— АНАХАЙМ (ФНС)[16] Неожиданным решением 12 против 1 Верховный суд США оставил в силе постановление суда низшей инстанции, предписывающее конфискацию Диснейленда и флоридского «Мира Диснея» из-за неспособности корпорации выплатить недавно введенные ретроактивные налоги на прибыль за 1960-е и 1970-е годы.
Также в качестве причины была названа «вопиющая неоправданная трата невосполнимых энергетических ресурсов Америки».
Представители Федерального управления по делам о банкротстве отказались комментировать слухи о том, что тематические парки могут продолжить работу для нужд 25 миллионов государственных служащих, но заявили неофициально, что «социальная сознательность и государственная служба миллионов самоотверженных американцев-патриотов заслуживают некоторого явного признания».
— «Денвер Ньюс-Пост» 8 июля 1987 г.
Было приятно вырваться на моем «Плимуте» из этой вечной завесы бурого смога.

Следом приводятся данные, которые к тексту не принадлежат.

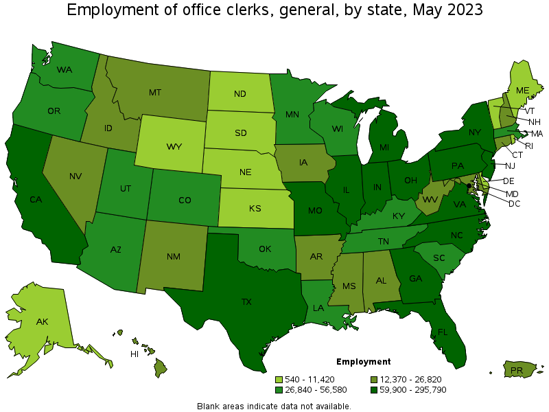States and areas with the highest published employment, location quotients, and wages for Office Clerks, General are provided. For a list of all areas with employment in Office Clerks, General, see the Create Customized Tables function.

Миллионы сердечных приступов из-за велосипедов не нанесут и вмятины загрязнению, когда Капитолий штата освобождает от ответственности свои собственные грязные заводы «Государственной службы».
Осторожно поглядывая в зеркало заднего вида, я откинулся на спинку сиденья и позволил милям утекать — ледяные голубые Скалистые горы слева от меня, Канзас где-то справа — и попытался на время забыть о трупах, Берджессе и, может быть, даже о бедняге старом Маке.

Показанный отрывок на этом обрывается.